The budget, like everything else Cassia had done, had been its own mess. Fenris still remembered the look on Varric’s face when Cass had told him that, yes, she had meant it that the Merchant Guild was going to be assessed taxes for activities in Kirkwall, yes, she had meant it when she said it would need to pay them, yes, pay them meant in full, and no, he absolutely was not excepted from the rule because he was ‘best friends with the Viscount’ (and the Templars and the Cotarie hadn’t been any happier about  _ their _ taxes). While Cassia had been able to scrounge up sufficient funds to start repairing the city’s infrastructure and allow it to keep its position as one of the powers in the Free Marches, the other major cities, with the exception of Sebastian in Starkhaven, had been hoping to use the aftermath of the explosion to either assert their own authority in Kirkwall or at least eliminate it as competition, and had not been pleased when Cassia’s efforts thwarted their plans. Of course to the people in Kirkwall she was prioritizing the repairs all wrong and helping everyone except whichever group happened to be talking to her at the time. Oh, and then there was the fact that her being a Ferelden refugee meant she was just going to hand everything over to King Alistair, in some cases somehow after she had already handed it over to the Qunari and, for some bizarre reason even Varric hadn’t been able to find any explanation for, the Black Divine. For his part, King Alistair had made it clear that Cassia wasn’t doing enough for either the Fereldens living in Kirkwall or elsewhere in the Free Marches and he ‘didn’t understand why she couldn’t be just a little nicer.’ 
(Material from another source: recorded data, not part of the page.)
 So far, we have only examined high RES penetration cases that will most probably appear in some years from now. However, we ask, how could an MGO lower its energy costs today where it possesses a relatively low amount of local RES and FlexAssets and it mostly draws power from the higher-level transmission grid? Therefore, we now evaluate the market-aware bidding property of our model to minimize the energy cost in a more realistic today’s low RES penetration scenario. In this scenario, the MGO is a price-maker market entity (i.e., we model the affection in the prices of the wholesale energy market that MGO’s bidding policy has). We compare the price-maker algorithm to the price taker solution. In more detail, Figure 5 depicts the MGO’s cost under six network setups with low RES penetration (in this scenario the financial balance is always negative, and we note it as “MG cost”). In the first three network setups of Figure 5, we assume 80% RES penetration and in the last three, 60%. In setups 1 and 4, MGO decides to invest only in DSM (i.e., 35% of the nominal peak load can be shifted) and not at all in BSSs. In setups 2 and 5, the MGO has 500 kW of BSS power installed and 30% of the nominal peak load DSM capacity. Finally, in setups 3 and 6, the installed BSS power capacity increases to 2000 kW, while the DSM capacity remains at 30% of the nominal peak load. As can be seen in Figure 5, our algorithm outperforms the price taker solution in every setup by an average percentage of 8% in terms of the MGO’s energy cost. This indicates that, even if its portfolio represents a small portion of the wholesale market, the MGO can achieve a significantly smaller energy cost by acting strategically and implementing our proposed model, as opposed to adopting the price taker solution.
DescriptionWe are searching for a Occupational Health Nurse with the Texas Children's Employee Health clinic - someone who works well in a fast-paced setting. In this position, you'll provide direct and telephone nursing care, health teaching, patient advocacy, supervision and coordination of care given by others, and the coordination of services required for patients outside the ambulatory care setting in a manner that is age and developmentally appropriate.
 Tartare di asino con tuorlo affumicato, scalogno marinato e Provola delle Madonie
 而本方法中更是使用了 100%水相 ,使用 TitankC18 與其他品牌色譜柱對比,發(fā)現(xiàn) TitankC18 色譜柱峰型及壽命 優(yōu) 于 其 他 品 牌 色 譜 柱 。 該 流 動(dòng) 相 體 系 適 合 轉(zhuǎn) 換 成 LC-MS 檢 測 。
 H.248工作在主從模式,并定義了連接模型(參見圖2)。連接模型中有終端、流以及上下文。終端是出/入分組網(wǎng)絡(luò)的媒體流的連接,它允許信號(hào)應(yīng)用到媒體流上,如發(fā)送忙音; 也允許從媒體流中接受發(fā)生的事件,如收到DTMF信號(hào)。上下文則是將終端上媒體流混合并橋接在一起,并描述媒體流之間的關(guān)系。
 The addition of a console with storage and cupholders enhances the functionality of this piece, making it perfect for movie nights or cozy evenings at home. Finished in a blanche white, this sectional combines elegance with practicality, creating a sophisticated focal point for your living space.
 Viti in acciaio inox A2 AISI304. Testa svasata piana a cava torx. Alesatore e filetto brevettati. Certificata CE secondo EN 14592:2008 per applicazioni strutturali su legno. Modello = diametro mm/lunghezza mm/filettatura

Still, while all Thedas had hated Cassia Hawke for doing too much, not enough, nothing at all, and all wrong, the major powers had generally agreed that they preferred her continuing to be Viscount than not, if only to have a convenient scapegoat for anything that happened in Kirkwall they didn’t like. Yes, there had been the odd assassanation attempt since she was crowned, but nothing to be concerned about, given how many people had tried to kill her before she was Viscount and how many people had tried to kill other Viscounts.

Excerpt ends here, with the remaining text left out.